Student Poetry Presentation 2005

William White Jr.

A GRACIOUS DISCUSSION
ABOUT WALT WHITMAN

From By THE ROADSIDE

                              When I Heard the Learn’d Astronomer

When I heard the learn’d astronomer,

When I heard the proofs, the figures, were ranged in
columns before me,

When I was shown the charts and diagrams, to add, divide,
and measure
them,

When I sitting heard the astronomer where he lectured with
much applause
in the lecture-room,

How soon unaccountable I became tired and sick,

Till rising and gliding out I wander’d off by myself,

In the mystical moist night-air, and from, time to time

Look’d up in perfect silence at the stars.

___________________________________

Walt Whitman was born on May 31, 1819 on the West Hills of Long Island,
New York.

Whitman left school at age eleven and became an office boy at a law firm
and in a doctor’s office.

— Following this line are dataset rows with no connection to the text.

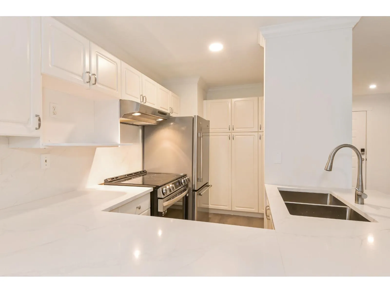 Eaglecrest! Nestled in Langley's desirable Murrayville, this spacious 1,187 sq. ft. home features two bedrooms and a den with two full washrooms. Bedrooms are thoughtfully situated on opposite ends to ensure maximum privacy. The primary suite is a true retreat, boasting a refreshed ensuite with a new shower. This bright, east-facing unit shines with recent upgrades, including sleek new flooring, durable quartz countertops, new washer/dryer and range. The functional layout is complemented by in-suite laundry, a cozy gas fireplace, a private storage locker, and two side-by-side parking stalls. Enjoy premium amenities including a library, gym and clubhouse. Experience an exceptional lifestyle within walking distance to stores, schools, transit and WC Blair Pool. (id:27476)
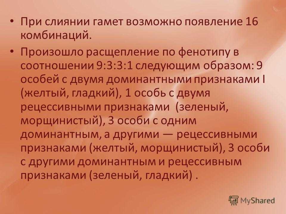 При слиянии гамет возможно появление 16 комбинаций. Произошло расщепление по фенотипу в соотношении 9:3:3:1 следующим образом: 9 особей с двумя доминантными признаками I (желтый, гладкий), 1 особь с двумя рецессивными признаками (зеленый, морщинистый), 3 особи с одним доминантным, а другими рецессивными признаками (желтый, морщинистый), 3 особи с другими доминантным и рецессивным признаками (зеленый, гладкий).
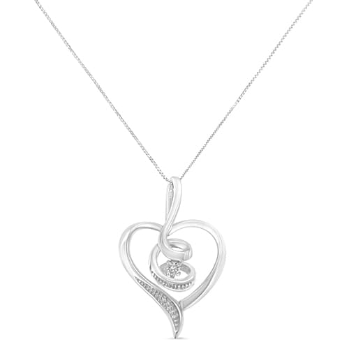 This Espira 10kt. white gold round cut swirl diamond heart pendant necklace symbolizes a love that never ends. Its stunning design features a white gold heart pendant with a swirl in the center circles around to a large diamond in the center. Stone color: l-J. Clarity: I2-I3.
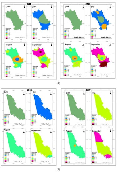 The disease intensity up to 51–60%, 41–50% and 31–40% was observed in 22.3%, 25% and 7.5% of the total surface, respectively, indicating spatial aggregation of disease during 2018. Subsequently, around 60%, 12% and 3% were observed in 2019 (Figure 5A). This pattern of spatial clusters evidenced that the disease intensity was varied among sampling sites of the region with varying disease proportions and identified risk areas highly vulnerable to the disease spread and occurrence.
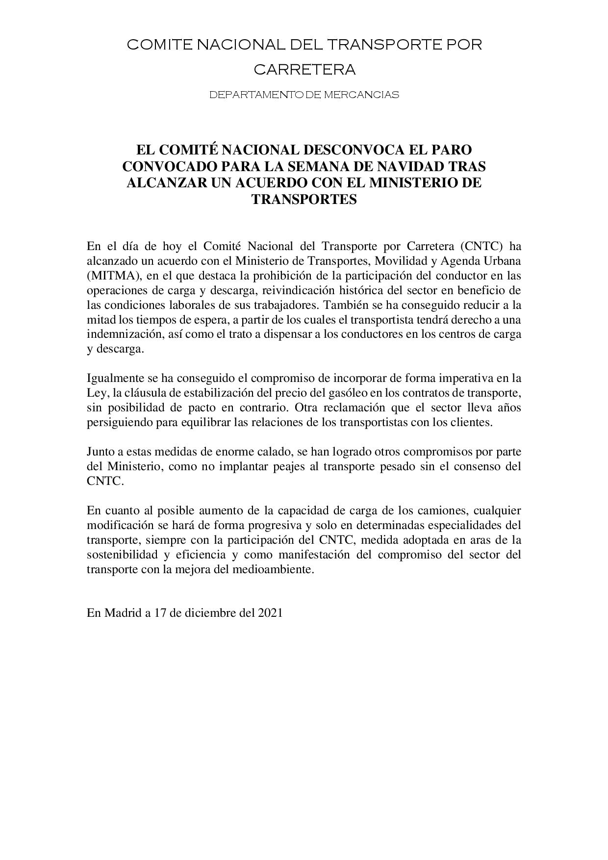 Nos complace enormemente poder informarle de que, tras más de once horas en el Ministerio de Transportes, se ha alcanzado un acuerdo que será formalizado mañana y que permite que el Comité Nacional de Transporte por Carretera anuncie la desconvocatoria del paro sectorial que iniciaba el lunes próximo.
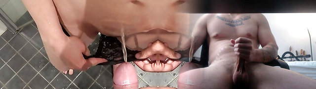 Drinking Stepdaddy's cum in a drooling deep throatpie
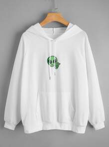 Kangaroo Pocket Alien Graphic Drawstring Hoodie
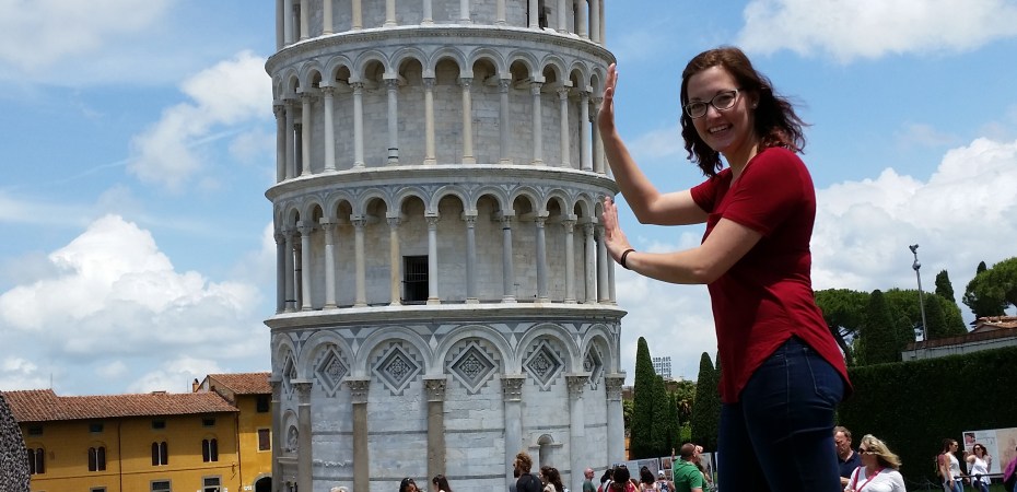 It was noticeably hotter than London (of course), so our 15-minute walk in the sun from the train station was a bit sweaty. But it was pretty much a straight shot down a long street and over a bridge. I was glad to stretch my legs after being on the plane. And once we made it through the swarm of people, we had 20 or 30 minutes to admire il Torre di Pisa.
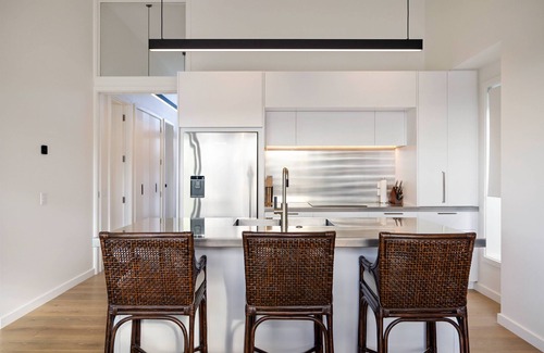 Clad in corrugated corten steel and warm timber, the exterior pays homage to the historic cabins once scattered across the Cardrona Valley. But step inside, and you’ll discover a home that’s anything but rustic. The Soho unfolds into a spacious, open-plan living, dining, and kitchen area, where clean lines and contemporary finishes meet comfort and functionality.
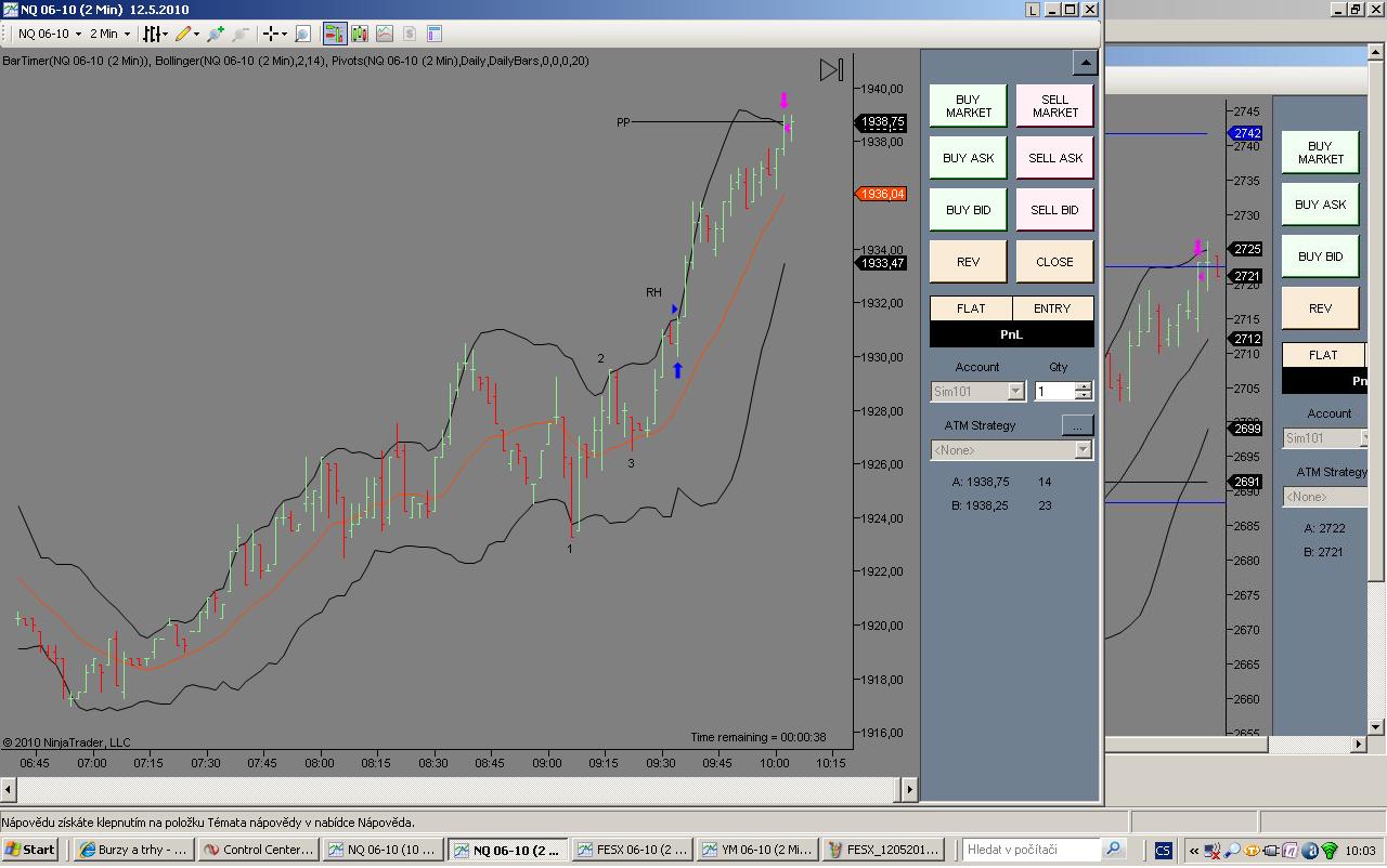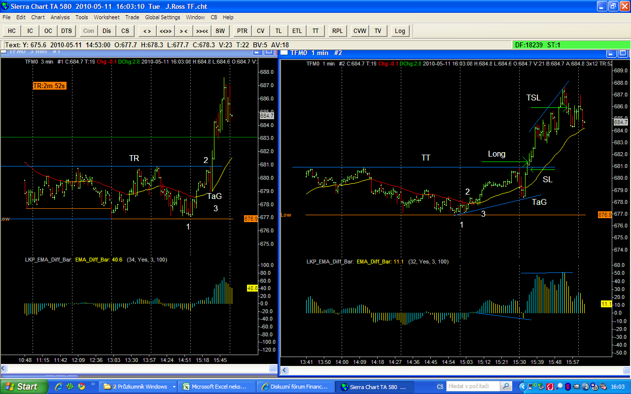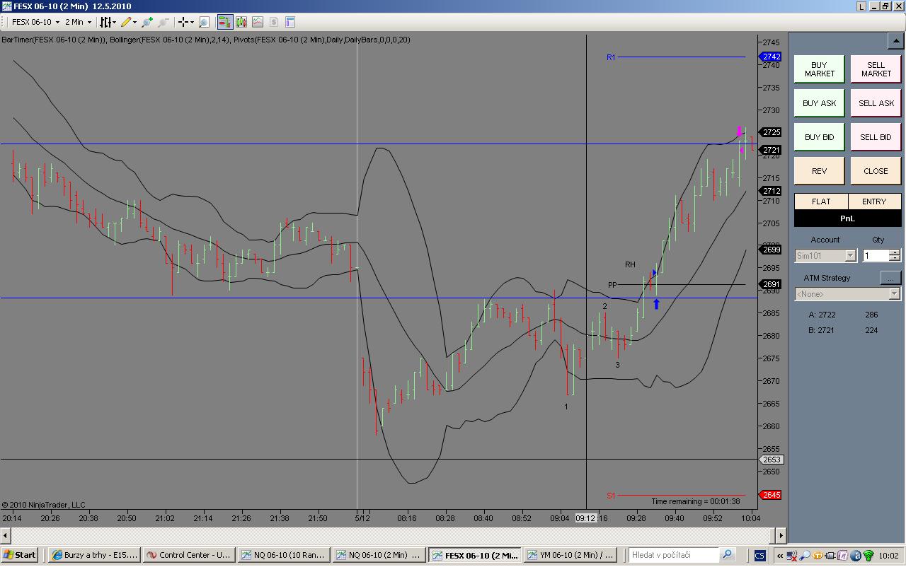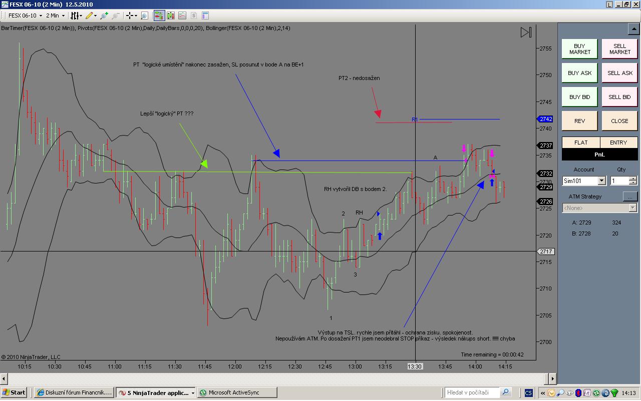 TO all , JiM36. Tak zase jeden demo obchod na FESX. Celkem spokojený. jen jsi nejsem jistý tím vstupem. vstupoval jsem na základě RH který vytvořil s bodem 2 DB. (tvůj vstup JiM36) další RH byl o 3 usečky později taky se dalo vstoupit . Výstup už celkem ok jen určení logického PT1 bylo podle mě "zajímavé". co vy na to ??? děkuji za komenty s pozdravem Liliputek

By twelve, he had learned the printer’s trade and
according to his biography “ad fallen in love with the written word.”

During 1848 and 1855  Whitman developed a style of poetry that astonished
Ralph Waldo Emerson who was a Transcendentalist ((between 1850 and
1860 there was a unique and creative concentration of writing like no other
period in American history).

POEM REVIEW: The first stanza displays rational words and phrases
like “ranged in columns,” “charts and diagrams,” and “add, divide,
and measure.” I am not sure about second stanza – but the fourth stanza
has two transitional lines and then the genre changes to words and
phrases like “mystical moist night-air.”

Questions:

  1. Do you feel that Whitman’s style of writing (in this poem) defines
    mostly the Romantic or Enlightenment movement?

 

  1. In the above poem, what words show that Whitman uses both the
    Enlightenment and Romantic styles of writing to show both have a
    place?

 

  1. Are there other words or phrases that show both Enlightenment and
    Romantic genres exists in the poem?

 

  1. Is the poem’s last line a reflection of a rational or romantic genre?